Apache Spark Tricky Interview Questions Part 4. This is in continuation of our Interview Question series for Apache Spark . If you have not , watch the early parts (links at the end of the post).  We will keep publishing more posts in further continuation of the interview series. Stay Tuned.

How to retrieve the current number of partitions of a DataFrame ?

Use the getNumPartitions() on the DataFrame - This will call the underlying RDD of the Dataframe.


df.rdd.getNumPartitions()

df.rdd.getNumPartitions --> For Scala parameterless method

Alternatives


df.rdd.partitions.size

df.rdd.length

When a Spark Dataframe is Better over Dataset?

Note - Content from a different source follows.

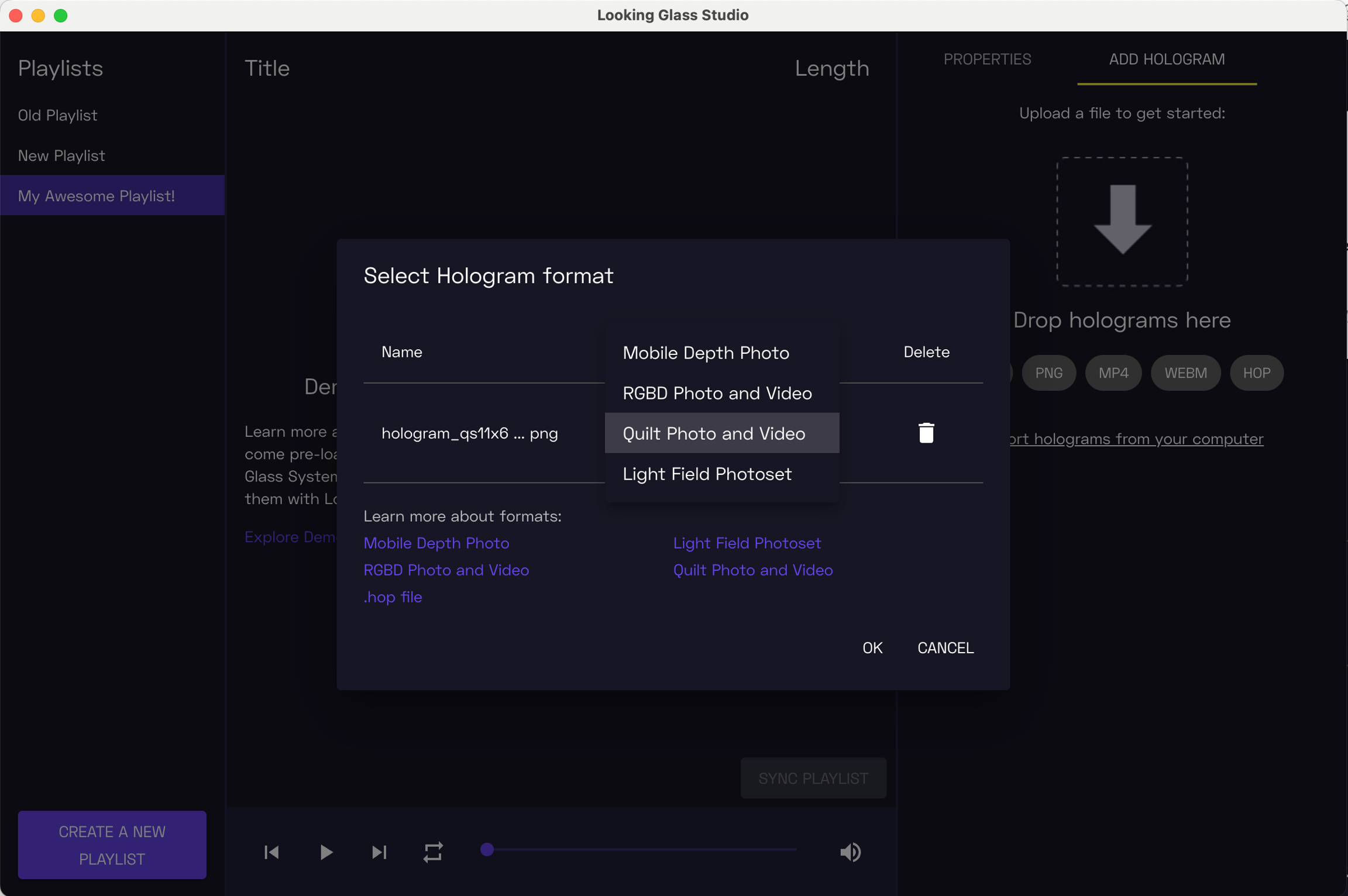 Once you've dropped your file, you'll be prompted to choose the type of hologram and select "OK".

Firstly be aware that Dataframe is basically a Dataset[Row]. Dataframe has advantages for scenarios like using data without any fixed schema e.g. JSON file with records of different types with different fields. In such a case , Dataframe is better since you can easily Select the data fields even without knowing the whole schema. Or you can use a dynamic configuration at runtime to specify the specific fields to access. Built-in function (e.g. df.ANYFUNCTION) will be more efficient and better optimized than using any UDAFs or custom Lambdas(Dataset). This is because Spark can't optimize the lambda functions as effectively. Some untyped functions (e.g. statistical functions) are available for Dataframes but not for typed Datasets.  

How to Handle Skewed Dataset join in Spark?

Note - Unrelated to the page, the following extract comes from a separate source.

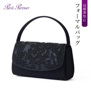 [パリスパートナー]ブラックフォーマルバッグ 手刺繍 草花 ビーズ レディース 黒 冠婚葬祭 喪服 礼服 葬儀 葬式 法事 結婚式 7301

If you know the column (used in the join condition) and value (e.g. column A =1,2,3,4..etc)  for which the skew occurs. Let's say the skew happens for column value = 3. In that case , you can segregate the query into 2 slices. One slice will handle the Skewed data (i.e. ONLY Column A = "3") & the other slice will handle the Non-Skewed data (i.e. All Column A values EXCEPT "3") . select X.columnA from X join Y on X.columnA = Y.columnA where X.columnA = 3 AND Y.columnA=3 ; select X.columnA from X join Y on X.columnA = Y.columnA where X.columnA <> 3; As an alternative approach , you can add some randomization to the tables for the balance. By adding random element to the largeer Table and create new join key with it. And for the smaller Table , add the random element using Spark explode/flatMap functions. This will enhance the the number of entries and create new join key.  And then use the enhanced Join key (having a Random component) . Due to the Randomness , distribution will be more effective comparatively.  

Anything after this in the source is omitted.